◆ **PROBLEM**
Take the entries below and print, exactly, the stretch from the line containing "Complete Juliana-cassette met" through the line containing "Which star shown", both included.
*** Opening of EXERCISE INPUT ***
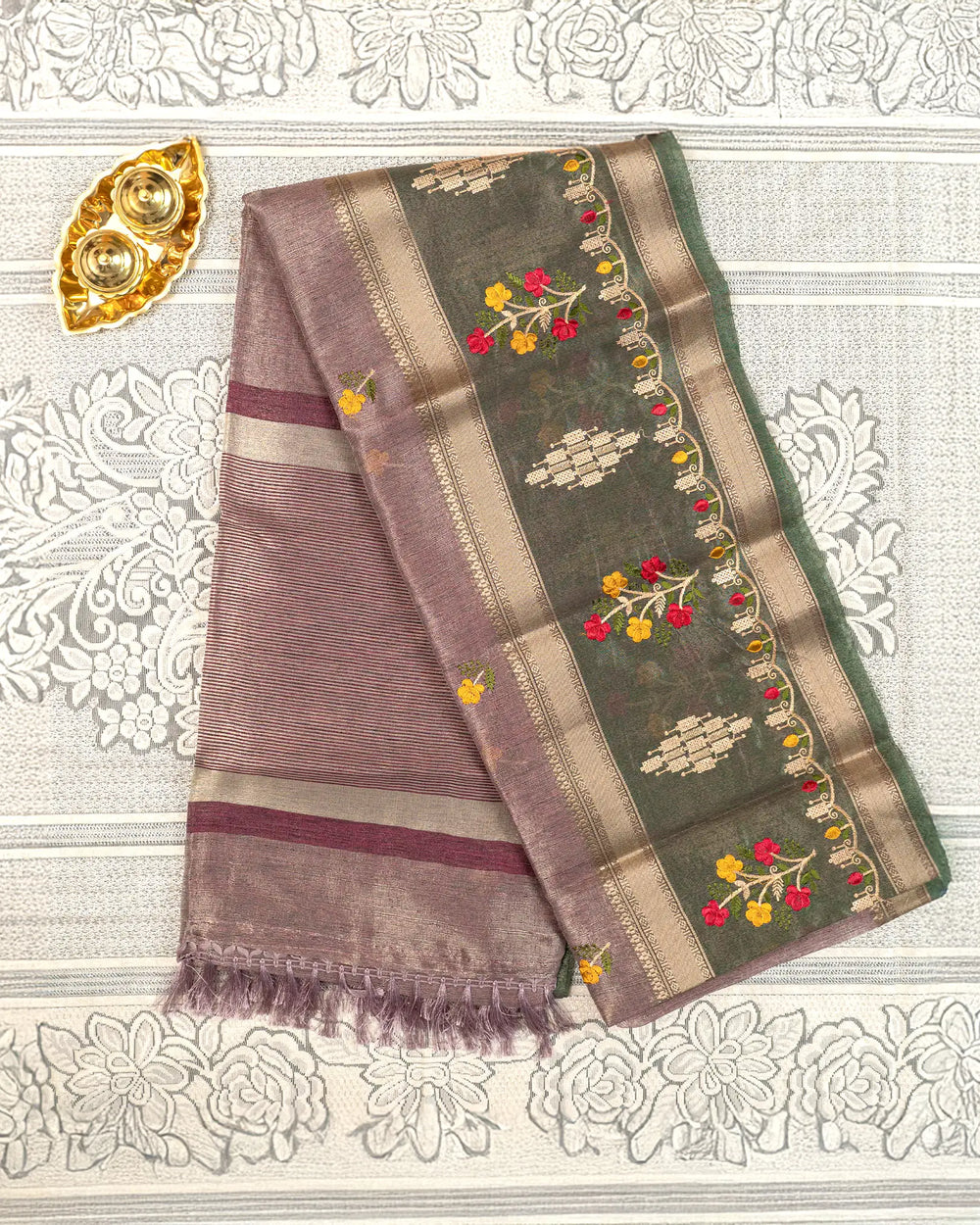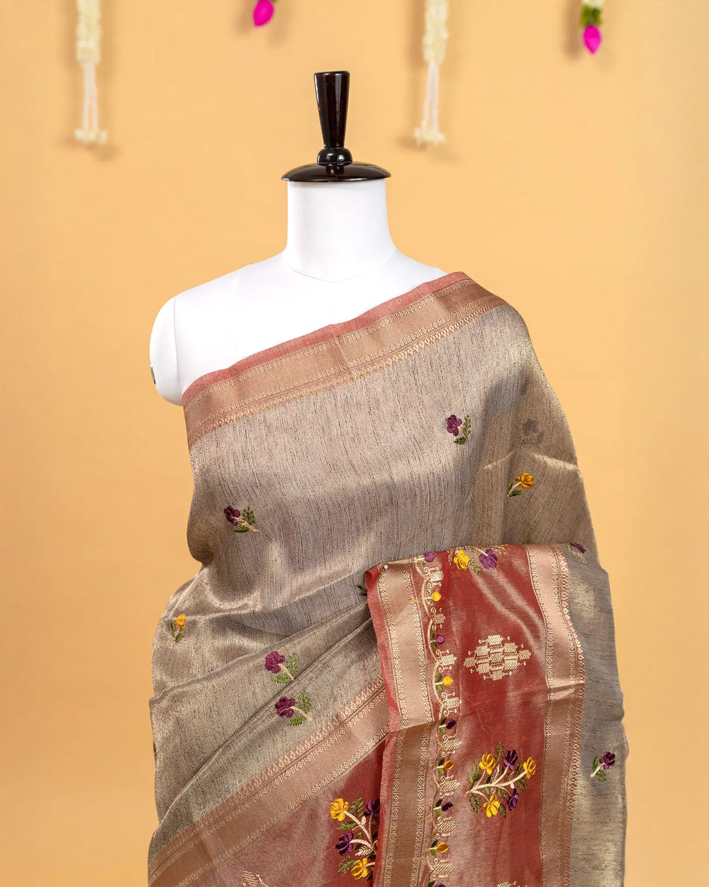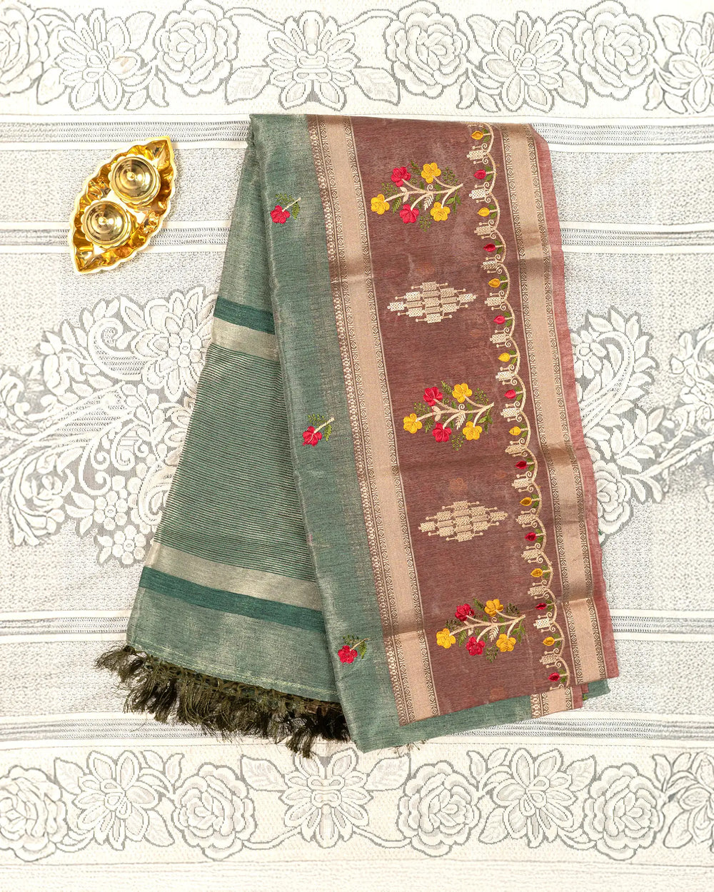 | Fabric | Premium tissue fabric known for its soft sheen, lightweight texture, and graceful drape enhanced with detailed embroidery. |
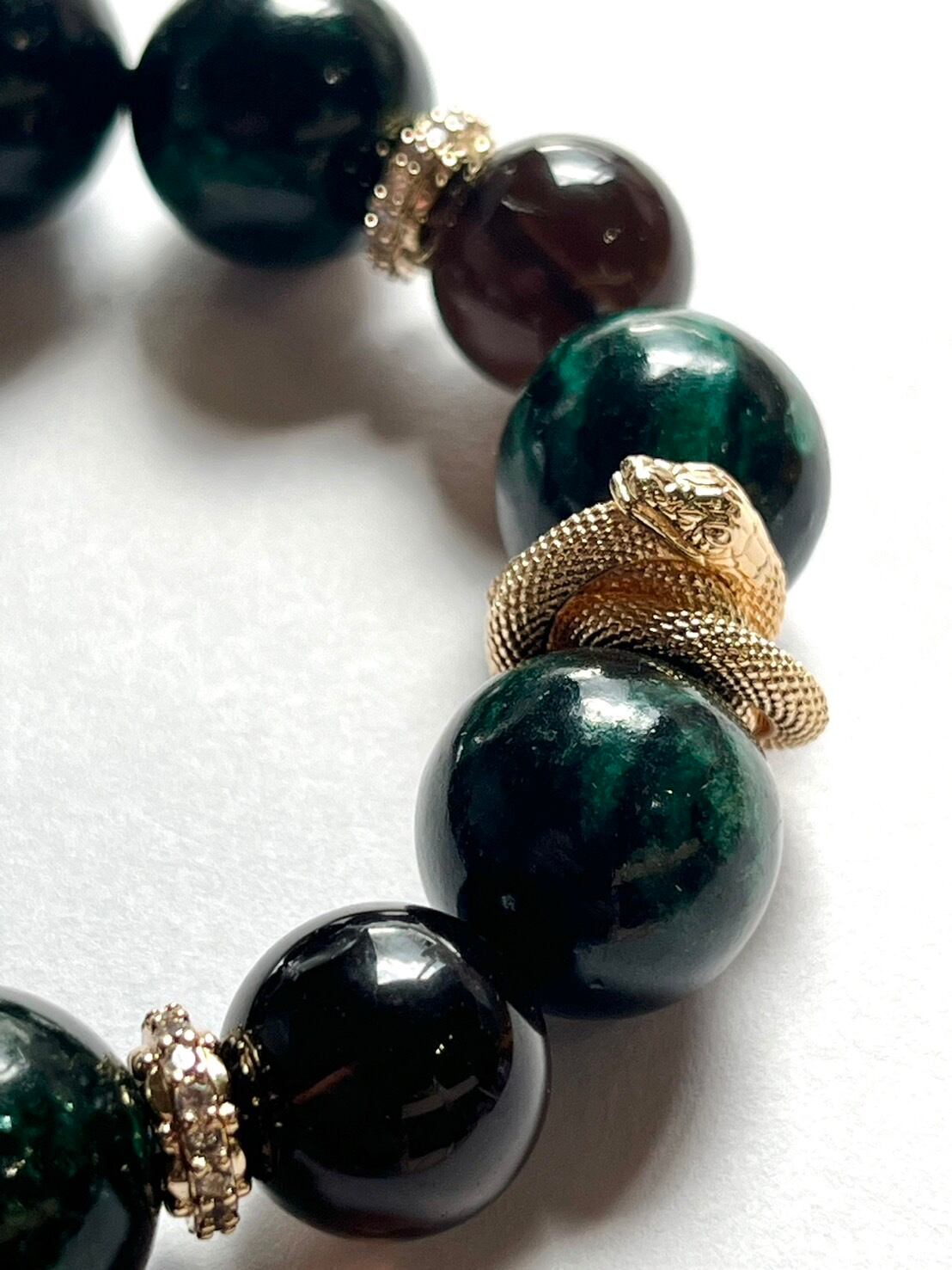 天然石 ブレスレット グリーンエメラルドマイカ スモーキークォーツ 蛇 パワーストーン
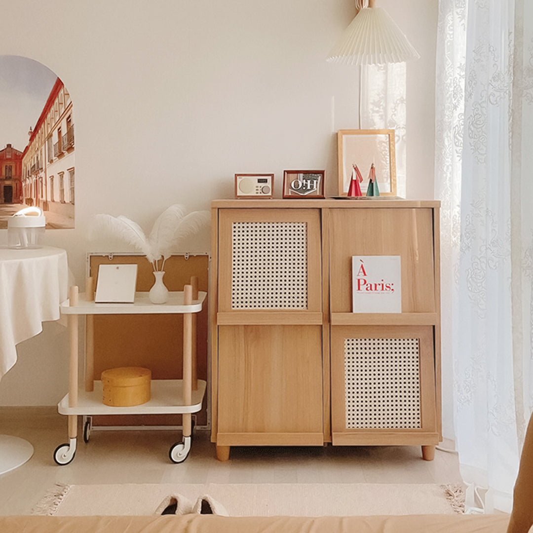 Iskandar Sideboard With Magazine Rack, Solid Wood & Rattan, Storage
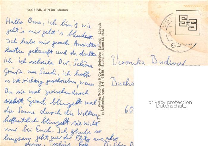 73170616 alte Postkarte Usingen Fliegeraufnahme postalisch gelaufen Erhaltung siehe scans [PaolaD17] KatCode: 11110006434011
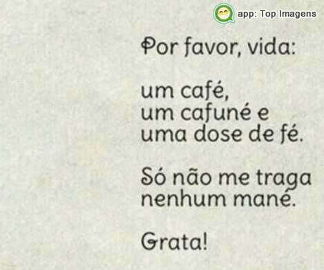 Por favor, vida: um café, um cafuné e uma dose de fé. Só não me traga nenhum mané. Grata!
*** Close of EXERCISE INPUT ***
*** Opening of EXERCISE INPUT ***
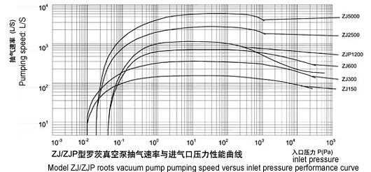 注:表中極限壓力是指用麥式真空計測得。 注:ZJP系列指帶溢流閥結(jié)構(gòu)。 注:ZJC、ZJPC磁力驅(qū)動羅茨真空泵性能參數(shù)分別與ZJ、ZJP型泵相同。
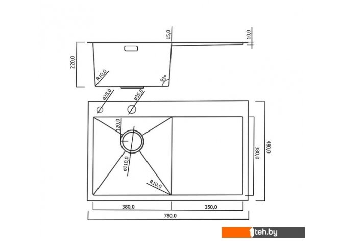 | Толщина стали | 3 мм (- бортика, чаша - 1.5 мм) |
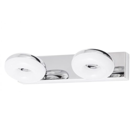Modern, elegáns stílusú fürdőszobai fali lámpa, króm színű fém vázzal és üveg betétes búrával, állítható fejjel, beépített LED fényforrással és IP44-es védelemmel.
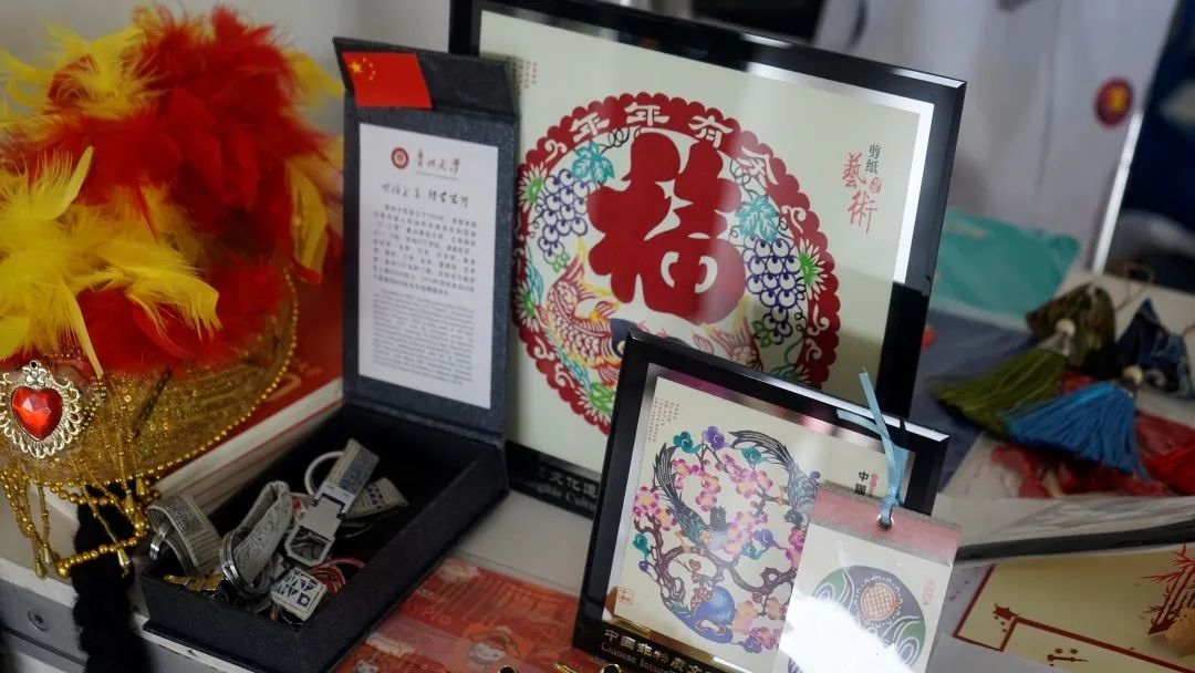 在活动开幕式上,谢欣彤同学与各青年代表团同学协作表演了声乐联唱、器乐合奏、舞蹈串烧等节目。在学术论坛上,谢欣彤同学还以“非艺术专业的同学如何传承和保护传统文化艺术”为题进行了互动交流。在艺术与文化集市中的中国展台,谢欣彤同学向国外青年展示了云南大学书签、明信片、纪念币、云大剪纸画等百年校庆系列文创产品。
*** Close of EXERCISE INPUT ***
*** Opening of EXERCISE INPUT ***
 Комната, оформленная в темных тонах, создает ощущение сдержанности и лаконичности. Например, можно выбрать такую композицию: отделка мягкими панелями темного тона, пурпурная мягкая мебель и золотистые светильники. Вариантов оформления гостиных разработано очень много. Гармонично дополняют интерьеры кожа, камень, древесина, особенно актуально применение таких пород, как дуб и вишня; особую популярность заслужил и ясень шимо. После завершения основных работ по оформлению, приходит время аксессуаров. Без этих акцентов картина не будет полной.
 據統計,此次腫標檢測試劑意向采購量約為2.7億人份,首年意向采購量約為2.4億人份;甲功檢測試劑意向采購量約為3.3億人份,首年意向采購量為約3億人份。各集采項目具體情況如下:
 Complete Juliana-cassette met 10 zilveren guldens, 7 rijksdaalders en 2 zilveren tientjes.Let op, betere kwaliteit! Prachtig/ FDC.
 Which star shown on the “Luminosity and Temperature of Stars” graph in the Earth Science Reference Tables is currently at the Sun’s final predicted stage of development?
*** Close of EXERCISE INPUT ***
◆ **SOLUTION TO THIS EXERCISE**
 Complete Juliana-cassette met 10 zilveren guldens, 7 rijksdaalders en 2 zilveren tientjes.Let op, betere kwaliteit! Prachtig/ FDC.
 Which star shown on the “Luminosity and Temperature of Stars” graph in the Earth Science Reference Tables is currently at the Sun’s final predicted stage of development?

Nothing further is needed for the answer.